Raw data Start Marker

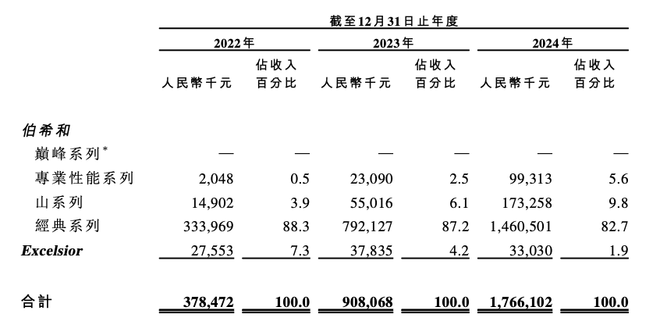目前,伯希和收入主要来自"经典系列",报告期内,"经典系列"收入占比超80%。
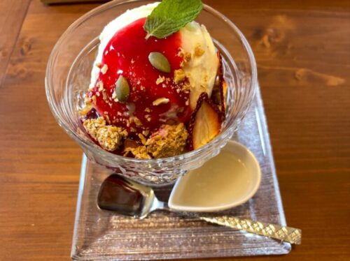 ミキパフェ(650円)もいただいてみましたが、手作りの甘酒グラノーラに、小国ジャージーのアイスクリーム、さらにローゼルのソースやドライストロベリーがトッピングされていて、とっても贅沢!
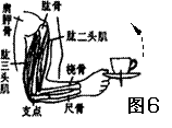 图6所示,人的前臂可视为杠杆,当曲肘将茶杯向上举起时,下列说法中正确的是( )
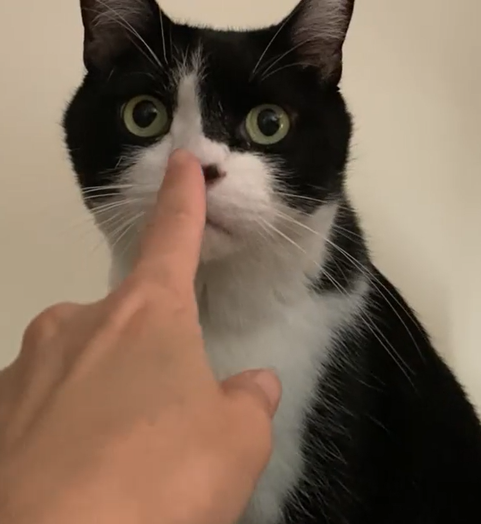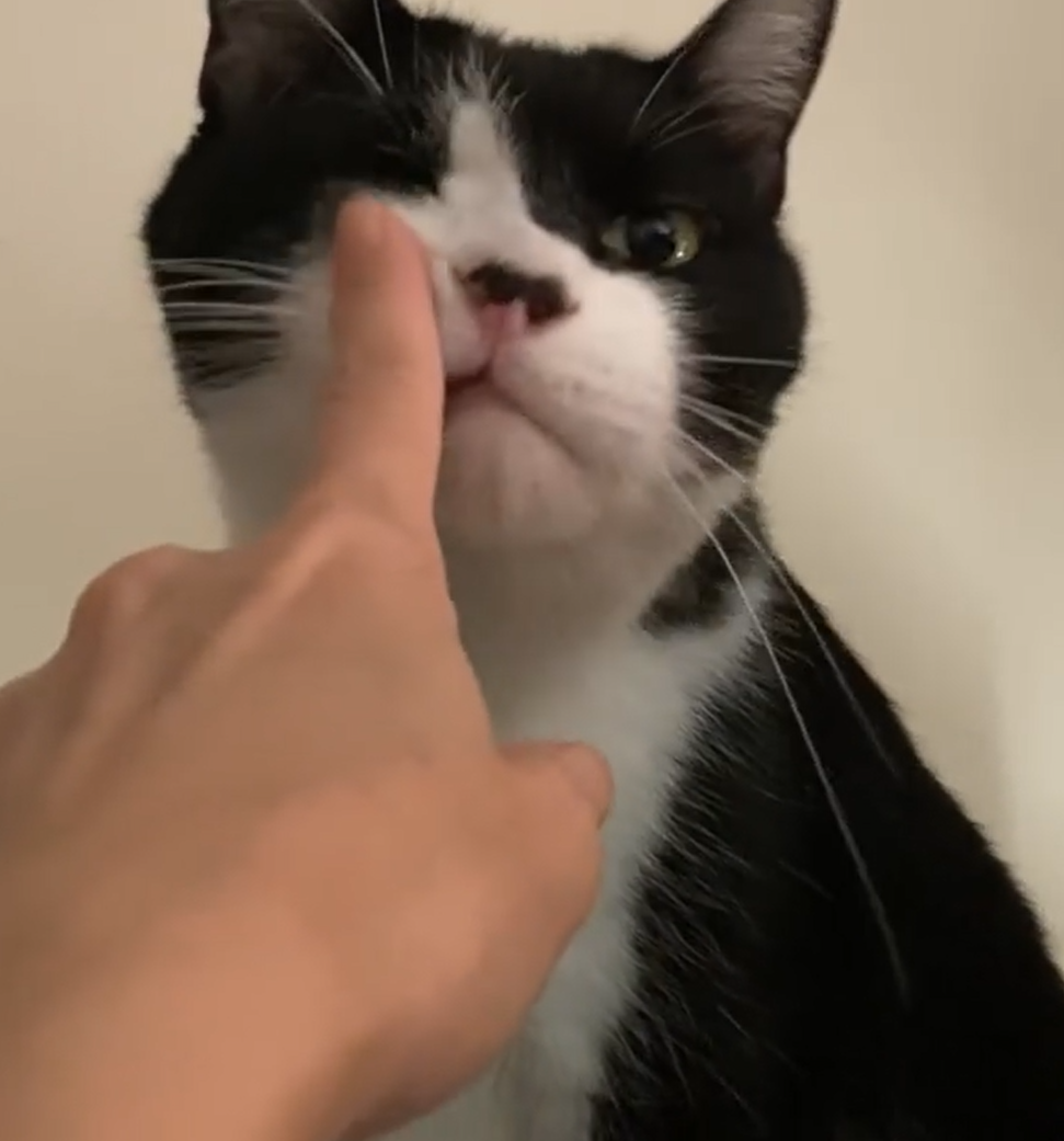 ▼從影片中可以看到,奴才向貓咪伸出手指,直指貓咪的鼻頭。這個動作不管對於人類還是動物來說都不算禮貌。很多貓咪這時候會咬上去或抓上去,狠狠教訓不尊重自己的人類。但下面這隻貓咪卻不一樣,牠竟然主動去蹭手指撒嬌。

Raw data End Marker

Counting the line with "ミキパフェ(650円)もいた" and the last line of the data above, transcribe those two lines and every line between them exactly, without the pictures.

 ミキパフェ(650円)もいただいてみましたが、手作りの甘酒グラノーラに、小国ジャージーのアイスクリーム、さらにローゼルのソースやドライストロベリーがトッピングされていて、とっても贅沢!
 图6所示,人的前臂可视为杠杆,当曲肘将茶杯向上举起时,下列说法中正确的是( )
 ▼從影片中可以看到,奴才向貓咪伸出手指,直指貓咪的鼻頭。這個動作不管對於人類還是動物來說都不算禮貌。很多貓咪這時候會咬上去或抓上去,狠狠教訓不尊重自己的人類。但下面這隻貓咪卻不一樣,牠竟然主動去蹭手指撒嬌。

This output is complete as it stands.